A pair of analysts ignited a fresh round of hand-wringing over Palm's prospects for a comeback, with the company's performance at Verizon Wireless as the latest source of concern.
"We believe Palm demand has not seen a material uptake following marketing promotions and believe the overall U.S. market weakness may have the biggest impact on Palm given its lower relative quarterly unit shipments," wrote UBS analyst Maynard Um in a research note to clients. That assessment stands in stark contrast to Um's evaluation of Verizon's Android sales, headed by Motorola's Droid. He wrote that UBS believes total first-quarter Android sales at the carrier of 1.65 million units could be "conservative."

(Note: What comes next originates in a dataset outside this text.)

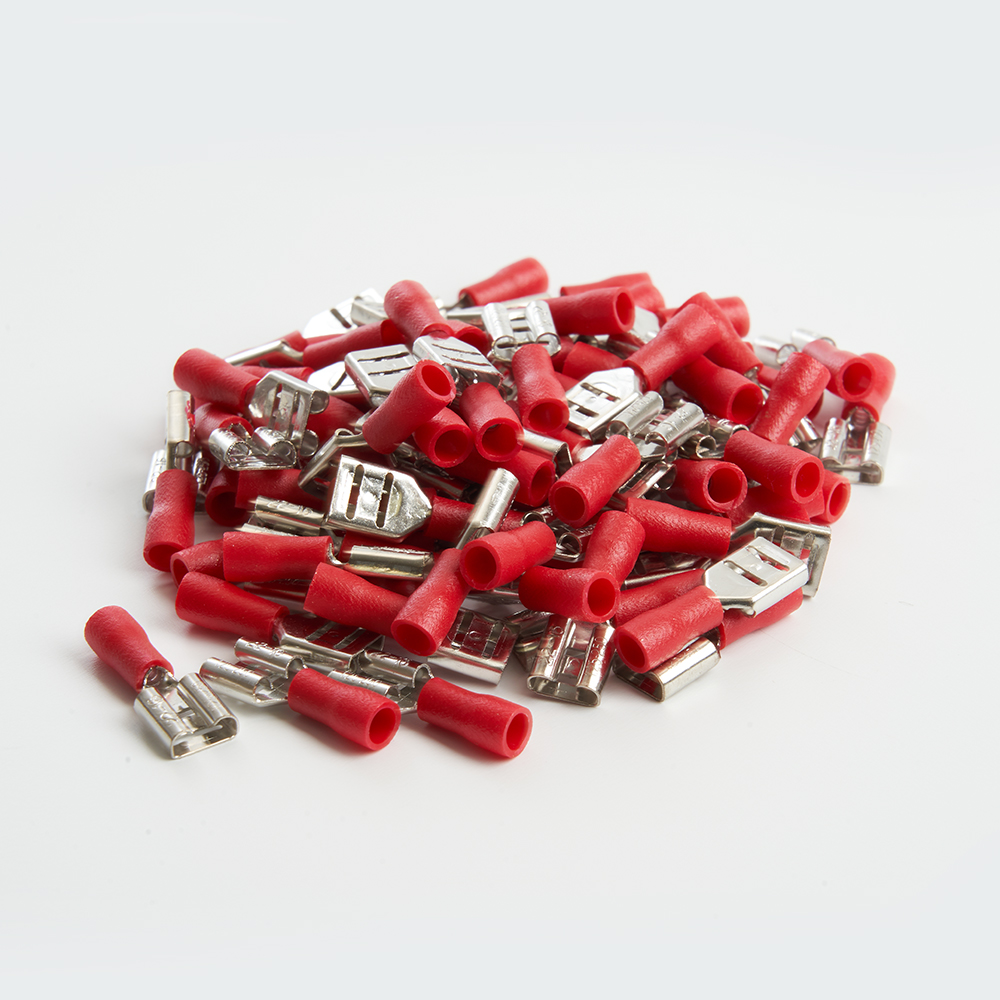 Наконечник плоский Изолированный мама STEKKER; 0,5-1,5 - 0,8 мм; 6,35 мм, латунь, поливинилхлорид (PVC), красный
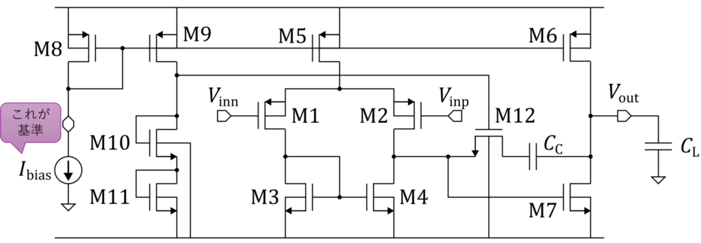 各種パラメータを決定したら、klayoutを使って指定されたサイズ内でパーツを配置・配線していきます。実装する回路は図1のとおりです(『OPAMP設計(TR10)』より引用)。つまり、図2のVoutよりも左側にある12個のトランジスタと1個のキャパシタを配置する必要があります。

The pessimistic sentiment on Palm was echoed by Bank of America/Merrill Lynch analyst Vivek Arya, who downgraded the company's stock and chopped his price target in half to $10. Arya lowered his Palm smartphone shipment targets for the current quarter to 900,000, down from 1.1. million, and lowered his forecast for the following quarter to 1.2 million, down from 1.5 million. "Palm's superior platform features have not translated into sufficient carrier support and consumer demand, and we are concerned the window of opportunity may be closing as Google's Android ecosystem gains ground, RIM revitalizes its portfolio, iPhone increases its presence, and as Microsoft reboots its efforts with Windows Phone 7," Arya wrote in a research note. "With only $130 million of net cash in an opex intensive space, Palm's options may be limited in our view."
Arya's opinion has declined dramatically since November, when he wrote that Palm was "a company with an attractive platform, selling into a high-growth market."
The warnings on Palm appear to have spooked investors. Palm's stock has steadily fallen this year from a high Jan. 15 of $13.56 per share to a low at close yesterday of $9.11.
Palm is banking on wider carrier support to boost its fortunes. Verizon began selling Palm's smartphones in late January, and AT&T Mobility has promised to sell Palm phones sometime later this year.